The internal and external bisectors of angle $A$ of a triangle $ABC$ meet $BC$ (or the extension of $BC$) at $X$ and $X'$ respectively, show that the circles $ABC$ and $AXX'$ intersect orthogonally. I have shown that the centre of the circle $AXX'$ lies on (line) $BC$, but cannot proceed further. Any advice would be appreciated.

Answer 1

The center of the circle $XAX'$ it's a mid-point of $XX'$ because $$\measuredangle XAX'=90^{\circ}.$$ Let $M$ be this mid-point, $O$ be circumcenter of $\Delta ABC$ and let $AX$ is placed between rays $AO$ and $AM$.

Thus, in the standard notaition: $$\measuredangle OAM=\measuredangle OAX+\measuredangle XAM=\frac{\alpha}{2}-\measuredangle BAO+\measuredangle AXM=$$ $$=\frac{\alpha}{2}-\left(90^{\circ}-\gamma\right)+\beta+\frac{\alpha}{2}=90^{\circ}$$ and we are done!

Answer 2

For two circles $\Gamma$ and $\Omega$ that intersect at $A$ to be orthogonal, it suffices for the line from $A$ to the center of $\Gamma$ be tangent to $\Omega$. Equivalently, if $O$ is the circumcenter of $(ABC)$, we want line $AO$ to be tangent to $(AXX')$.
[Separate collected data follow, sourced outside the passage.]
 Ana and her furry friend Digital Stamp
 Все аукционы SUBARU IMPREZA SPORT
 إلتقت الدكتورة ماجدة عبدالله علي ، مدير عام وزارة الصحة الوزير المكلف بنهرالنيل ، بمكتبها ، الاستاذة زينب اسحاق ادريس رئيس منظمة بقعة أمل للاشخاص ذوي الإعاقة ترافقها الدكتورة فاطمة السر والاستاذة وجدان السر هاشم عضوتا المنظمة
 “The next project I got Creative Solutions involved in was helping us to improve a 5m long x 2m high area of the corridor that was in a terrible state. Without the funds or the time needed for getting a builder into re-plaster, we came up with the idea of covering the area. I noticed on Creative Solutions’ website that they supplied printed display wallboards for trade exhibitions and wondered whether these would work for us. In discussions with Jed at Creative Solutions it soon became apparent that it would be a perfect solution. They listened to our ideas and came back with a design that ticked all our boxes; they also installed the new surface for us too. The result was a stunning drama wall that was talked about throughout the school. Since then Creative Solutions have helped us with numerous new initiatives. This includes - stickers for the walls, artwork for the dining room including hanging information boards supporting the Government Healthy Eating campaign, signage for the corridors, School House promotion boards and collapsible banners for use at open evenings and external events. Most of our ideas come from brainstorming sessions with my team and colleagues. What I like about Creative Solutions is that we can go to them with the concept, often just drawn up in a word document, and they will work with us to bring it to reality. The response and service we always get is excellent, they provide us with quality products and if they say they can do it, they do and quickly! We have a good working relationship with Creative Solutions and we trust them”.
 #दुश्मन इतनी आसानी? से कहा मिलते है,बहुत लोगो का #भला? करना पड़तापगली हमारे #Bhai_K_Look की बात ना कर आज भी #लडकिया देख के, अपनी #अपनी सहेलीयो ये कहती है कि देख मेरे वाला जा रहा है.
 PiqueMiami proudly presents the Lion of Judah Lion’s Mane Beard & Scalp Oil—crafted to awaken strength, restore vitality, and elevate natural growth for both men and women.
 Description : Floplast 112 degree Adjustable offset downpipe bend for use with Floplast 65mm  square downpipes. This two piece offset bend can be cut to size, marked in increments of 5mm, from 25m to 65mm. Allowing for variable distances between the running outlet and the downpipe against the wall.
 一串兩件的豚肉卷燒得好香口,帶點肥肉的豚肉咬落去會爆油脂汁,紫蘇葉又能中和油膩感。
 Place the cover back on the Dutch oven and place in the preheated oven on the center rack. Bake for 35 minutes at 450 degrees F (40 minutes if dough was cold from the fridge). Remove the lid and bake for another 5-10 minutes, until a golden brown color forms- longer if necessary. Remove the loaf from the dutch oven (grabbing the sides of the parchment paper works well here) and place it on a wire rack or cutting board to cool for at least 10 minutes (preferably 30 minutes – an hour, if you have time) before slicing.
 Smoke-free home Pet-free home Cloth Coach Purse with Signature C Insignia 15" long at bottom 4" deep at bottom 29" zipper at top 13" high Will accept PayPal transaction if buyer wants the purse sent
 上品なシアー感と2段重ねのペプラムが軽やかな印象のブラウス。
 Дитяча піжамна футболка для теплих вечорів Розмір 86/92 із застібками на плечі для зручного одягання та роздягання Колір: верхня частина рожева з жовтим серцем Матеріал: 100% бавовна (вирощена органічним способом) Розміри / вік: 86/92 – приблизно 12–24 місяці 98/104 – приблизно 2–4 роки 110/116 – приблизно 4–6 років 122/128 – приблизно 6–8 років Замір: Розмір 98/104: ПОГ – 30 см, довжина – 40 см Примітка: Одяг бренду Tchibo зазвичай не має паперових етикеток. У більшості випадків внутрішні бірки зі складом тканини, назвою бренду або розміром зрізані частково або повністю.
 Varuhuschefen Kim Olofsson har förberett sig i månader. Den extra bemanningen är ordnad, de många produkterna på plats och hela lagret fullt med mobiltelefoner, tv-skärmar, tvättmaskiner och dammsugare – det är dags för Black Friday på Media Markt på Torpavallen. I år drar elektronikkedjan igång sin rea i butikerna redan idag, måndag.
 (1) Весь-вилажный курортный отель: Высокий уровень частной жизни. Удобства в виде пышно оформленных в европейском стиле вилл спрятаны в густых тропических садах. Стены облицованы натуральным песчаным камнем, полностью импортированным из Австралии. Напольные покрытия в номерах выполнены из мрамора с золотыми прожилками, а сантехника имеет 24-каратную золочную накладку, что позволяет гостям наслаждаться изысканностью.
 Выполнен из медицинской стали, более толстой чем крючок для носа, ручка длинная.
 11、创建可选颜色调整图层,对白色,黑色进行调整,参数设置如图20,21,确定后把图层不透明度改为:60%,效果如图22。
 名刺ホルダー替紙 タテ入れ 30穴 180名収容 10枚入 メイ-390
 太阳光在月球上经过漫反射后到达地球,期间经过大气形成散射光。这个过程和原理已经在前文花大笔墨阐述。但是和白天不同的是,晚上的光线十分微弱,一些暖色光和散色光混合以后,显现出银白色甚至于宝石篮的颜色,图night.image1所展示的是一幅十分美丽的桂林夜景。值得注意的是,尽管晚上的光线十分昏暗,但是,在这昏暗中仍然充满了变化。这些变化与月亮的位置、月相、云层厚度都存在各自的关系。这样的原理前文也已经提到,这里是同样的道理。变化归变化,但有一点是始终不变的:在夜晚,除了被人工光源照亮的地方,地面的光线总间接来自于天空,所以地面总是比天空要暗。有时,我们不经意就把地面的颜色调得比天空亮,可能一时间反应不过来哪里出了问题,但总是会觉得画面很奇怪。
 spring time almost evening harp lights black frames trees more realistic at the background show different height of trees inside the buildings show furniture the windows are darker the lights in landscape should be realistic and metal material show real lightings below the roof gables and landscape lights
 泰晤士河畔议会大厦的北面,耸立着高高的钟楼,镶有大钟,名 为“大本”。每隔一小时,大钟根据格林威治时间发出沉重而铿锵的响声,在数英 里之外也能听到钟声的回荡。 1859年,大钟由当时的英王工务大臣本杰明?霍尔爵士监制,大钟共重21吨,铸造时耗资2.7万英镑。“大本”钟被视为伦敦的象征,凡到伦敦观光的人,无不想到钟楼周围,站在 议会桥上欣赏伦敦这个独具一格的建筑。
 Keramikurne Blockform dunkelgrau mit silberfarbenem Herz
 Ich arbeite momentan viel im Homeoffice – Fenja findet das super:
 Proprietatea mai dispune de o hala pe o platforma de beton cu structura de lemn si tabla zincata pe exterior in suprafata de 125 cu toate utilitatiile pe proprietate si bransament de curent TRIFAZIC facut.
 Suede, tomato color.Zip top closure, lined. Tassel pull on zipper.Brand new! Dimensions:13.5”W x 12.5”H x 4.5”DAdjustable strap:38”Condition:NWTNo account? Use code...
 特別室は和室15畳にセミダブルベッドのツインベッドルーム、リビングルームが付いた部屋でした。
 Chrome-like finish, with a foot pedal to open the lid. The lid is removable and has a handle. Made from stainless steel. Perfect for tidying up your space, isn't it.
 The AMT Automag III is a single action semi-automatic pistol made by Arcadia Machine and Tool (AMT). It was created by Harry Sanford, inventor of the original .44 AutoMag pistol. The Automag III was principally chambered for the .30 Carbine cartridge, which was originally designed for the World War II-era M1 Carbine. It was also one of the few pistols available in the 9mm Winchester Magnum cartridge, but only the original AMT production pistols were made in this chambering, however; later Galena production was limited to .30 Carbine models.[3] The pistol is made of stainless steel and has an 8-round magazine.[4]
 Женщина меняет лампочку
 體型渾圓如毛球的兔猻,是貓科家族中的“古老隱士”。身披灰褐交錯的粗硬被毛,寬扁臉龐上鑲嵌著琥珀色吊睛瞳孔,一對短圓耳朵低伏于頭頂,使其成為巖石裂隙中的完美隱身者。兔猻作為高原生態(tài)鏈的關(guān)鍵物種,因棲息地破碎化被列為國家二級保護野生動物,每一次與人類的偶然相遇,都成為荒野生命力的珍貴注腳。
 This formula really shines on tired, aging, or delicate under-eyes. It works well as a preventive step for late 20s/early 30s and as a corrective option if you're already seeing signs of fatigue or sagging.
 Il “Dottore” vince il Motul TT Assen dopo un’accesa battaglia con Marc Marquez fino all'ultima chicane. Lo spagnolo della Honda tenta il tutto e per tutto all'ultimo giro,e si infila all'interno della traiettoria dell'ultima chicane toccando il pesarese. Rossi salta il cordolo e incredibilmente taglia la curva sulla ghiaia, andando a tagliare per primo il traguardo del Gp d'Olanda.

You can do this with angle-chasing. We have \begin{align*} \angle OAX &=\angle OAB-\angle BAX\\ &=90^\circ-\angle C-\frac{\angle A}{2}\\ &=90^\circ-\angle AXX'\\ &=\angle AX'X, \end{align*} so $AO$ is tangent to $(AXX')$.

Just for fun, here's another proof by inversion: if you invert about $A$ with radius $\sqrt{AB\cdot AC}$ and reflect across the angle bisector (a "root-$BC$ inversion") line $AO$ becomes the $A$-altitude in $\triangle ABC$, while $X$ and $X'$ map to the intersections of the internal and external $A$-angle bisectors with $(ABC)$, which are the midpoints of the two arcs $BC$. The line between these two points is the image of $(AXX')$ in this inversion, so $(AXX')$ simply maps to the perpendicular bisector of $BC$, which is parallel to the $A$-altitude. Since the images of $AO$ and $(AXX')$ are parallel lines, $AO$ and $(AXX')$ are tangent, as desired.